New IPCC report shows land use is part of solution to climate change
Enlarge / Forest being cleared for palm oil cultivation. (credit: CIFOR / Flickr)
During the negotiations leading up to the 2015 Paris Agreement, nations agreed to reduce greenhouse gas emissions. But they also gave climate scientists some extra homework. In addition to the periodic IPCC reports assessing the latest in climate science, nations wanted some specific reports focused on topics that hadn't really been covered before. As some nations demanded a new and more stringent goal of limiting global warming to 1.5C rather than 2C, they needed a report on what that would take-and how much risk it could avoid.
Today saw the release of another report, this one focused on land use. The report is the result of volunteered efforts of 107 scientists from 52 countries, referencing research from some 7,000 studies.

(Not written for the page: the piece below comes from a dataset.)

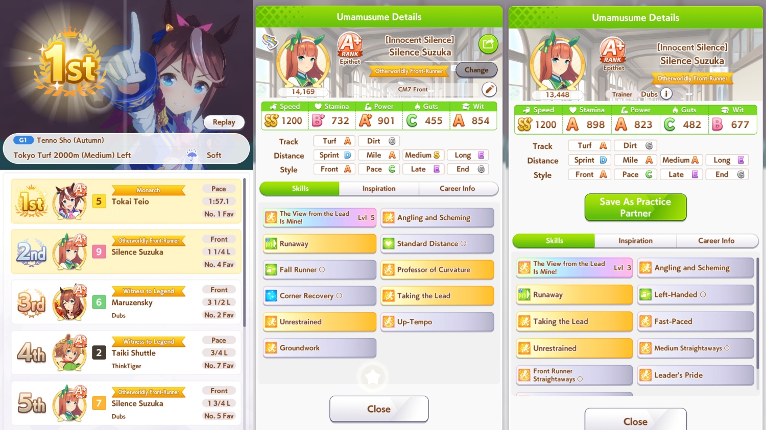 Just learned that Suzuka can survive in lobbies with multiple runaways if she never spot struggles at all. My Suzuka's lead in the start was too great for the other runaway to catch up and struggle, so she managed to survive the entire late-race and get 2nd.

It covers the ways that human agriculture, forestry, and land use contributes to climate change, the way climate change is impacting these activities, and what we can do about both of those things.
Human land use contributes almost a quarter of our current greenhouse gas emissions. Clearing forests takes the carbon in the vegetation and adds it to the atmosphere as CO2. Farming can also result in a release of carbon as CO2, nitrous oxide from fertilizer, and methane from (primarily) livestock and rice paddies.